Vous reprendrez bien une louche de politique spectacle ? Au lendemain de l'élection historique de Barack Obama, dont la coalition hollywoodienne et l'incroyable liesse populaire qui a salué son succès doivent faire baver Nicolas Sarkozy, l'imitateur Yves Lecoq vous ressert volontiers.
Au menu de son nouveau spectacle, qui investit le Cirque d'hiver jusqu'au 15 novembre, le très élégant humoriste jette en pâture dans l'arène les immanquables du moment : Nicolas et Carlita, Obama, François Fillon, Alain Delon sont quelques-unes des têtes d'affiche de son répertoire vocal, fort de plus de 150 voix parlées ou chantées.
La voix "reconnaissable" du show satirique salvateur Les Guignols de l'Info, qu'il anime depuis vingt ans déjà, et dont les impostures PPDesque et chiraquienne sont devenues de véritables institutions, revient donc dans un 2008 après Jacques Chirac écrit à quatre mains avec son compère de longue date, l'académicien Jean-Loup Dabadie.

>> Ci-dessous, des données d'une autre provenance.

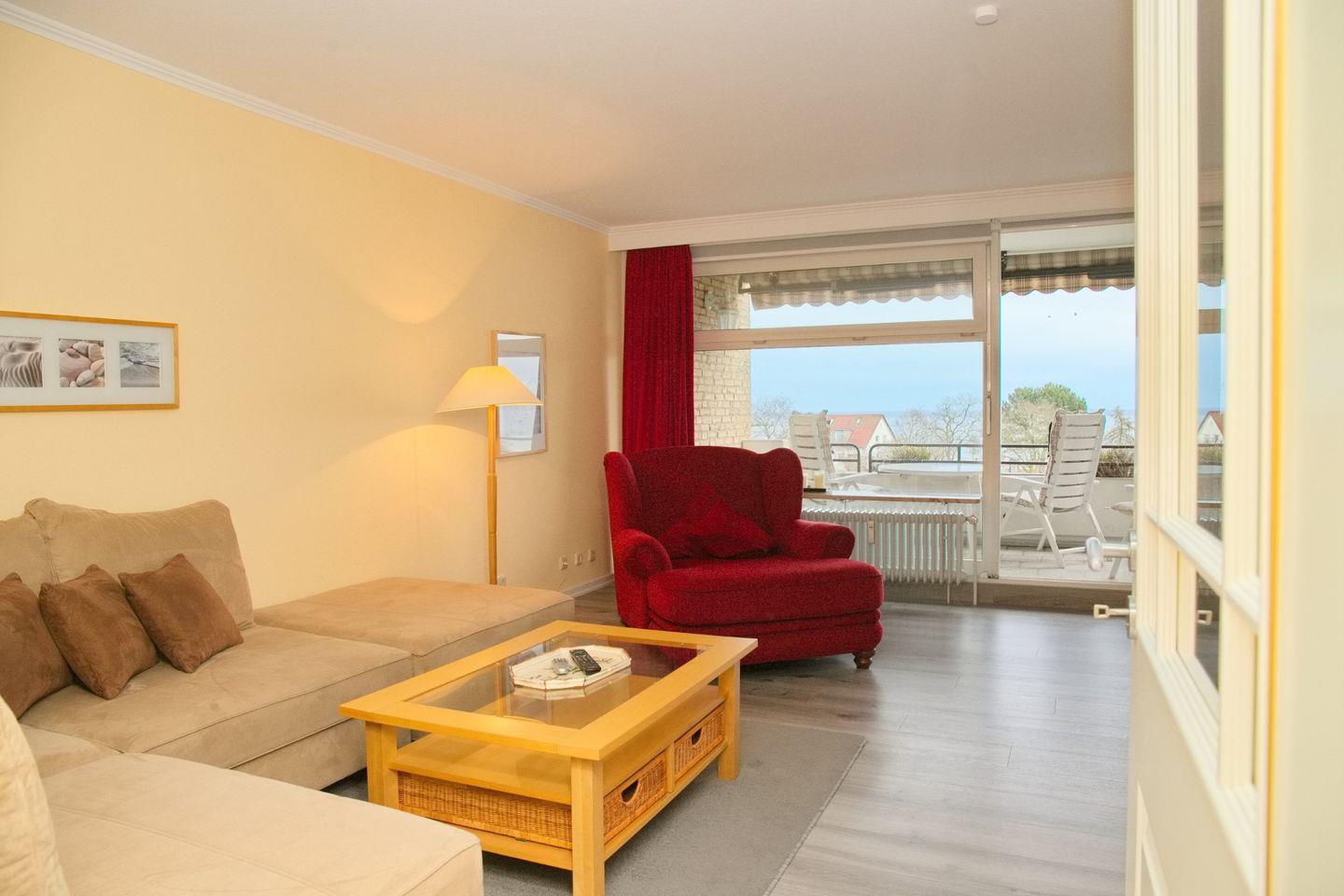 Das große, helle Wohnzimmer mit Blick über die Ostsee heißt Sie in warmen Farben willkommen. An den komfortablen Wohnbereich schließt sich die Essgruppe an. In der Küche können Sie Ihren Kochkünsten freien Lauf lassen.

Alors que toute la Gaule est occupée par Sarkozyx — selon d'autres experts de la satire corrosive —, Yves Lecoq, qui sacre Alain Delon "César à vie", se réserve la primeur de l'imitation de Carla Bruni, "première dame de France qui chante ailleurs qu'à la messe" : dans l'imitation inédite de l'humoriste, Carlita viendra présenter son dernier succès, "Bling-Bling", un titre dont "les ultra-sons plaisent aux dauphins". "Le soir, je lis Saint-Exupéry à mon saint exubérant", nous raconte-t-elle encore… C'est presque trop vrai !

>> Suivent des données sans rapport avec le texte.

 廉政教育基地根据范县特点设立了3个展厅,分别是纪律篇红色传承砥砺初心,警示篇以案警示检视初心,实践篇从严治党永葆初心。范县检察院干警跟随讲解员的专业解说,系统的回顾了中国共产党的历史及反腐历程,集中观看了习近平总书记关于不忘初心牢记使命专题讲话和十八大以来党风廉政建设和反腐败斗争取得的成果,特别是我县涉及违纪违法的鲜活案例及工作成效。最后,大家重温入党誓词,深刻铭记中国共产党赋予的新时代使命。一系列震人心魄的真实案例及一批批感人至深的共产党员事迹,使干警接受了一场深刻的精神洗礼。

Au rayon de l'infantilisation du Président, Lecoq envoie Sarkozy petit garçon à L'Ecole des Fans, où il lâche à Jacques Martin : "Je suis venu tout seul, mais je repartirais bien avec ta femme".
Mais attention, si Nicolas claquera également la porte de ses obligations pour filer, toutes affaires cessantes, aider son poto Christian Clavier "qui a ses quatre pneus crevés", n'allez pas croire à la fixette sauvage et à la sarkozydose aigue : François Fillon, transformé en dealer d'anti-dépresseurs et Ségolène Royal coachée par Chantal Goya, feront un joli cirque, à l'instar de Zinedine Zidane ou Julien Doré, entre autres.
Assisté de ses Coquettes (ses quatre danseuses) et accompagné par cinq musiciens, le roi de l'irrévérence classieuse nous donnera également des nouvelles de Jacques Chirac (son alter ego depuis 30 ans…), retraité abonné aux soupes populaires dans les Guignols, qui s'adonne à un régime bière-pantoufles seulement contrarié par la présence pénible de Maman (Bernadette) et par la crise qui le touche de plein fouet ("j'vous avais prévenus") : dans le spectacle, c'est en retraité établi au Maroc qu'on le retrouvera, affublé d'une belle djellaba. Jacquot au naturel, quoi.
Enfin, actu oblige, Yves Lecoq accueille au nombre de ses nouvelles victimes le 44e président des Etats-Unis Barack Obama, pour une formidable imitation… en version française, la classe. On ne vous dira rien, sauf que son duel avec John McCain est arbitré par Michael Jackson et son hit Black or White.
Enfin, la politique spectacle redevient franchement marrante. Merci, Yves.